Creating a Kafka data set
You can create a Kafka data set in Pega Platform, and then associate it with a topic in a Kafka cluster.
Configure Kafka data sets to read and write data from and to Kafka topics, and use this data as a source of events, such as customer calls or messages. Your application can use these events as input for rules that process data in real time and then trigger actions.
For example, when a customer who has a checking account with UPlus Bank accesses the bank's ATM, this event can initiate an associated action, such as displaying an offer for a new credit card on the ATM's screen.

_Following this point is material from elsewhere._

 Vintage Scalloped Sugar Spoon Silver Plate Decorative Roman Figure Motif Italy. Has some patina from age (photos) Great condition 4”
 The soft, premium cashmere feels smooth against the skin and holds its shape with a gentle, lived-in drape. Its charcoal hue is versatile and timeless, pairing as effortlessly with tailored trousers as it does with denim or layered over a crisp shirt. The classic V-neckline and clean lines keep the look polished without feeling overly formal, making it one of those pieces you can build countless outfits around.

For more information, see Triggering a real-time event with the Event Stream service.
You can connect to an Apache Kafka cluster version 0.10.0.1 or later.
- In Dev Studio, click .
- Provide the data set label and identifier.

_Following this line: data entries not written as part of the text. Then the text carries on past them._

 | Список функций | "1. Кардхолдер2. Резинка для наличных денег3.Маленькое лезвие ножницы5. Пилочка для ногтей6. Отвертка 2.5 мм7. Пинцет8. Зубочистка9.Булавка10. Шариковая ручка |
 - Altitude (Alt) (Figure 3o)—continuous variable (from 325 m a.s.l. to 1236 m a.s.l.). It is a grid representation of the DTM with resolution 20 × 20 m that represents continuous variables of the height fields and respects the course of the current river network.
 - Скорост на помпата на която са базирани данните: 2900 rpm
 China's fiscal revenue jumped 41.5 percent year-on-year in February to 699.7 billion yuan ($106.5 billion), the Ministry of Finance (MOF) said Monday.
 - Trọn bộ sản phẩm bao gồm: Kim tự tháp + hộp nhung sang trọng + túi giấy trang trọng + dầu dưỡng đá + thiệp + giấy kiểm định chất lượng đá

- From the Type list, select Kafka.
- Provide the Context , Apply to class, and select Add to ruleset.
- Click Create and open.
- In the Connection section, in the Kafka configuration
instance field, perform one of the following actions:
- Select a Kafka configuration instance in the Data-Admin-Kafka class.

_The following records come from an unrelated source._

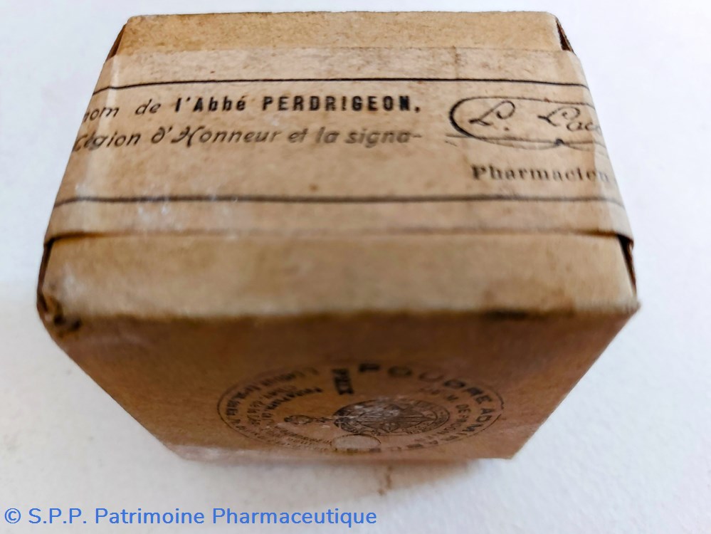 Petit paquet en carton avec bande de garantie contenant La POUDRE ADMIRABLE de l'abbé PERDRIGEON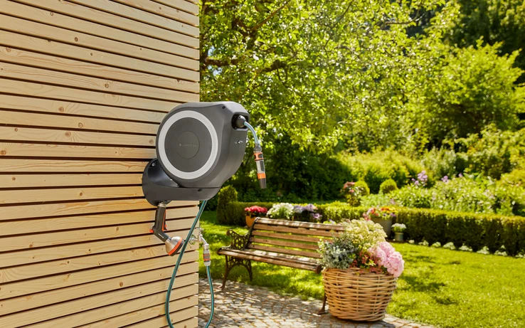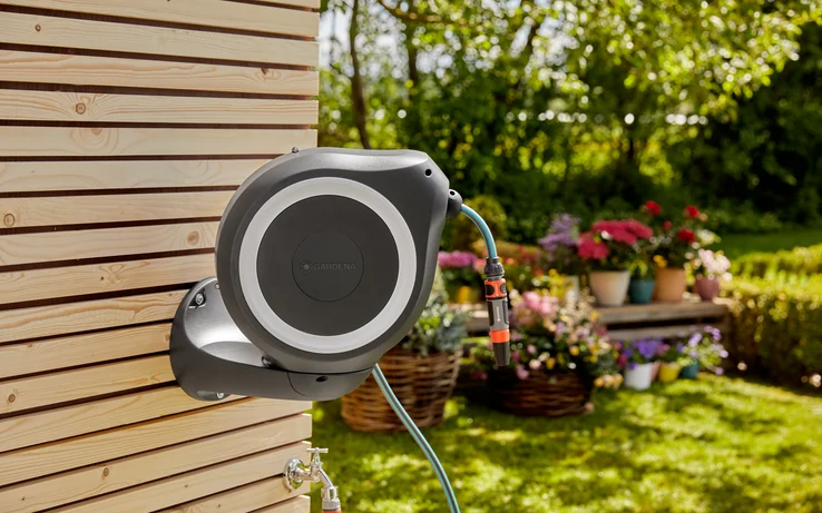 Le dévidoir automatique mural RollUp S 15 m GARDENA est idéal pour arroser les petits jardins ou les terrasses. C’est une solution d’arrosage et de nettoyage très pratique pour avoir son tuyau d’arrosage toujours prêt à l’emploi et bien rangé. Une fois fixé au mur, le dévidoir automatique et mural GARDENA peut pivoter à plus de 180° afin de pouvoir arroser les moindres recoins du jardin ou de la terrasse. Il suffit de tirer sur le tuyau d’arrosage pour le dérouler puis de le relâcher pour l’enrouler. Le dévidoir automatique mural GARDENA est équipé d’un frein centrifuge, d’un ressort en acier de haute qualité pour un enroulement toujours fiable et homogène du tuyau et d’un guide-tuyau intégré pour éviter les torsions lors de l'enroulement du tuyau (technologie RollControl). Le dévidoir GARDENA est équipé d’un nez de robinet accessible directement sur le flanc pour permettre une connexion/ déconnexion ou une extension faciles du tuyau de raccordement. Un verrouillage du tuyau s’effectue à intervalles courts et réguliers (50 cm) pour permettre une manipulation sans effort du dévidoir automatique mural RollUp S 15 m GARDENA. Une fois fixé au mur, le dévidoir peut être utilisé toute l’année car il dispose d’une protection anti-gel et anti-UV. garantie commerciale 5 ans – Couleur : blanc
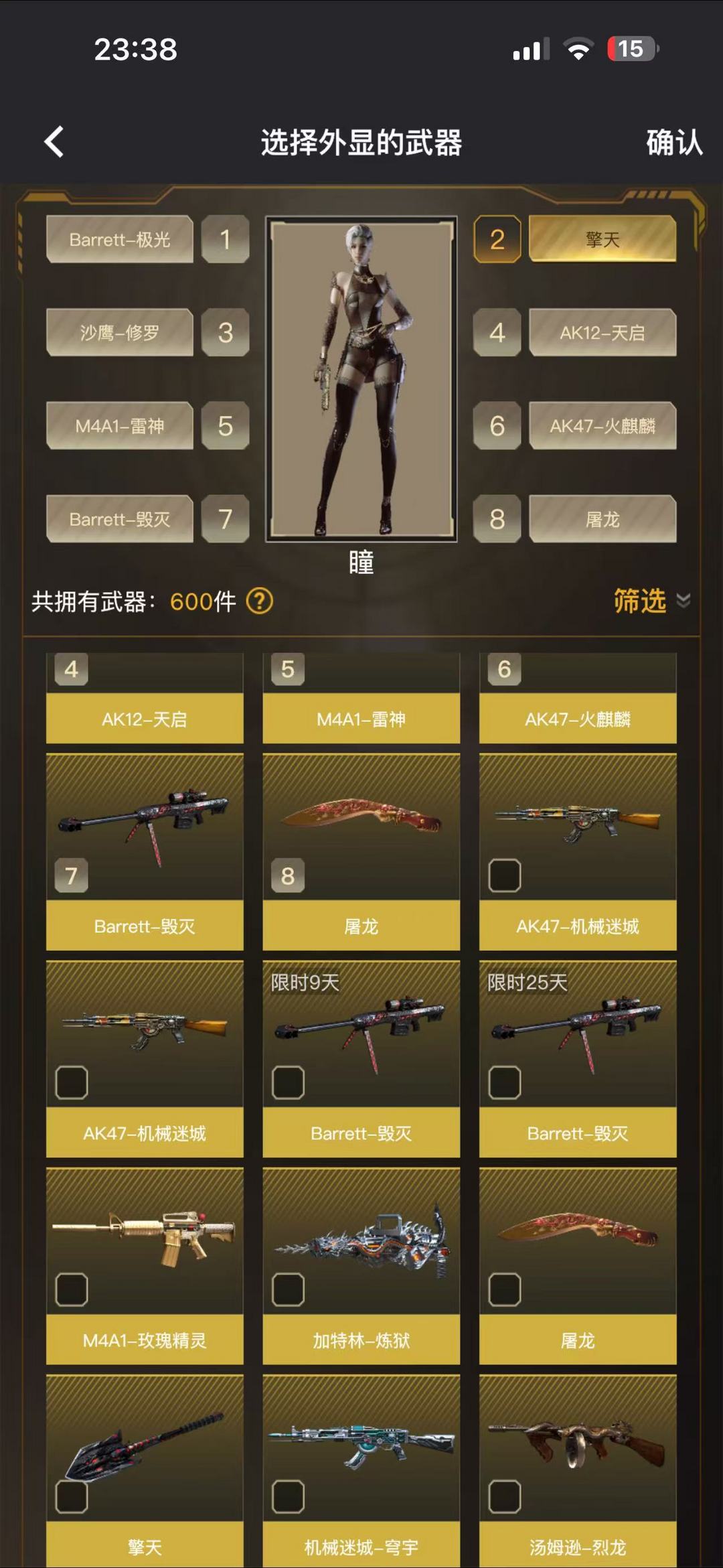 装备描述:rrett-毁灭;机械迷城-穹宇;AK47-火麒麟;沙鹰-修罗;Barrett-毁灭;屠龙;加特林-炼狱;汤姆逊-烈龙;M4A1-雷神;沙鹰-天神;AK12-天启;AK47-机械迷城;擎天;M4A1-玫瑰精灵;Barrett-极光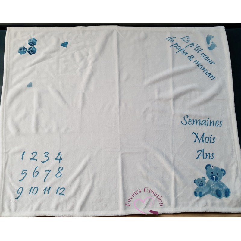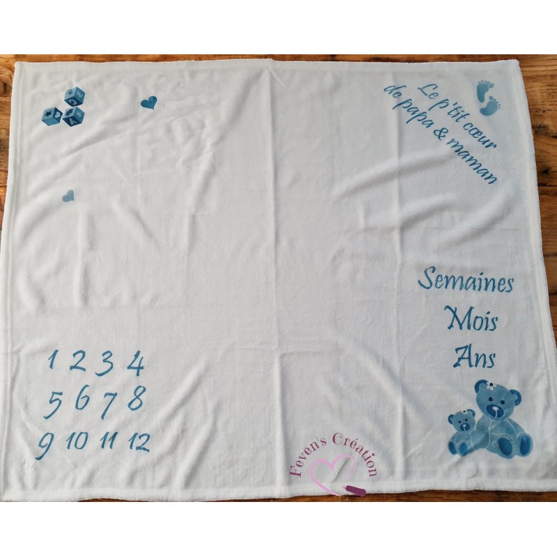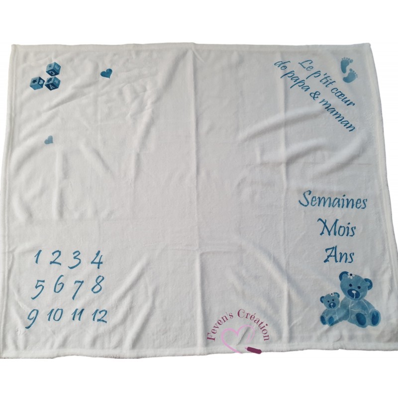 Immortalisez chaque étape de la croissance de votre enfant avec cette couverture évolution bébé personnalisée. Conçue pour créer des souvenirs inoubliables, cette couverture vous permet de photographier votre bébé dès la naissance et de suivre mois après mois son développement.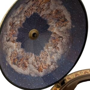 Lift the top and you’ll find an absolutely stunning interior: a celestial mural filled with rich colours, mythological figures, and a star-studded sky. The inner tray is designed to hold bottles and glasses securely, making it a charming mini bar or display piece.

- Create a Kafka configuration instance (for example, when no instances are present)
by clicking the Open icon.
For more information, see Creating a Kafka configuration instance.
- Check whether Pega Platform is connected to the Kafka cluster by clicking Test connectivity.
- In the Topic section, perform one of the following actions:
- Select Create new, and then enter the topic name to define a new topic in the Kafka cluster.
- Select Select from list, and then connect to an existing topic in the Kafka cluster.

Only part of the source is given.